◆ **Aim of the exercise**
When the line with "Argon A4303C Adult" comes up, set it down and every later line to the end of the data, exactly and without pictures.

◆ **Raw data**

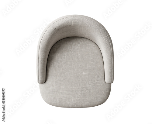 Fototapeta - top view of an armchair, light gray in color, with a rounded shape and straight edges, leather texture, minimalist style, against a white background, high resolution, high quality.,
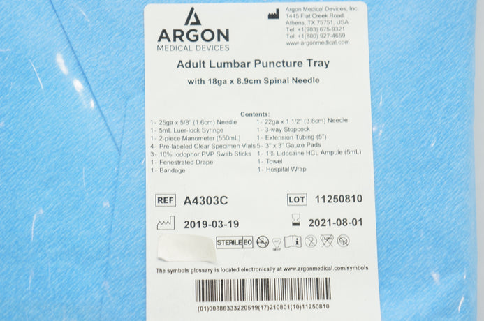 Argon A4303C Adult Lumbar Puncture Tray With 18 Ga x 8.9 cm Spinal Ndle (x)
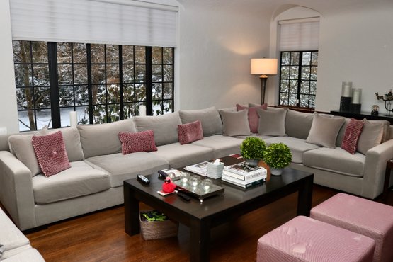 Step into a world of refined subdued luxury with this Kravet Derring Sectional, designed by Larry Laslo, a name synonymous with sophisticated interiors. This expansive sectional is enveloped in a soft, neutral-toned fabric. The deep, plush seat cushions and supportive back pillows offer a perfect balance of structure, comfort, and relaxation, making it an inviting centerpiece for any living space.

◆ **Response to this exercise**
 Argon A4303C Adult Lumbar Puncture Tray With 18 Ga x 8.9 cm Spinal Ndle (x)
 Step into a world of refined subdued luxury with this Kravet Derring Sectional, designed by Larry Laslo, a name synonymous with sophisticated interiors. This expansive sectional is enveloped in a soft, neutral-toned fabric. The deep, plush seat cushions and supportive back pillows offer a perfect balance of structure, comfort, and relaxation, making it an inviting centerpiece for any living space.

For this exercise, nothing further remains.